# Hell in a Handbasket - 1 samurai sword vs 5 in chains and hammers



## Ceicei (May 2, 2008)

This is an article posted yesterday at the "Hell in a Handbasket" website.  It mentions a story that happened last year about a break-in somewhere in England. I laughed when I read it (perhaps because of the way how it is written).  Apparently five criminals had chains and hammers and were breaking in when two unarmed detectives came across them and tried to arrest them.  They weren't very successful until an unknown person with a samurai sword was able to come to the defense of these detectives.

Anyway, hope you enjoy this article as much as I did.  If you click on this link later than today (articles get pushed down as new ones are added), look for the one entitled "All Scimitars, Sabers, Kopesh, and Katana Are Now Illegal!"

http://www.hellinahandbasket.net/

- Ceicei


----------



## theletch1 (May 2, 2008)

The citizen should have been hailed a hero.  Instead he felt he had to run and hide.  Man, it's sad that the safety of five thugs is so important.:flammad:


----------



## MA-Caver (May 2, 2008)

The guy was a foolish hero, using a "cheap samuari sword" thinking he's some superhero coming in to save the day.
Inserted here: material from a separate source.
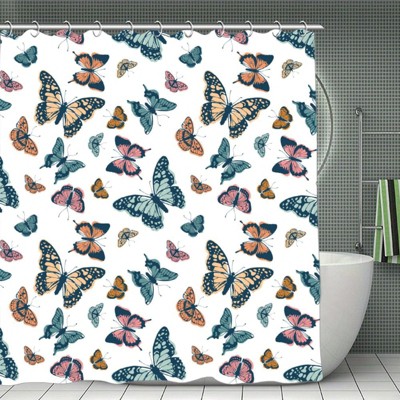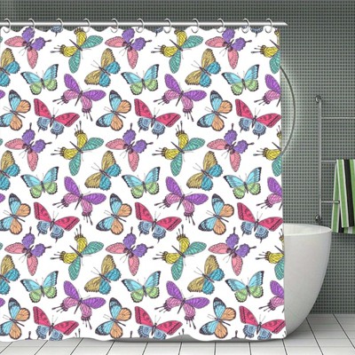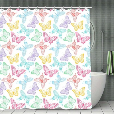 Soscooter White Assorted Color Butterfly Pattern Shower Curtain Bathtub Window Room Divider Polyester Bathroom Decor 70.8x70.8Inch

It even pointed out that he didn't use it very well. 
His intentions were very honorable I'll give him that. Kudos for being brave and desiring to help out officers who were outnumbered and unarmed (which is an extreme puzzlement right there all by itself). 
But having a sword in hand does not make one an expert. The spirit of the samurai isn't going to mystically arise within you once you pick up a cheap imitation (or even the real one) of their weapons. 
Thus it was a foolish risk. He is probably patting himself on the back right now and wondering about the designs of his costume. 

Interesting quote from the article.


> Many American gunbloggers have noted that the media and other pro-gun control types become hysterical when discussing firearms. They like to infer that owning a gun is similar to petting a coiled cobra, as both will leap up and kill without warning when you least expect it.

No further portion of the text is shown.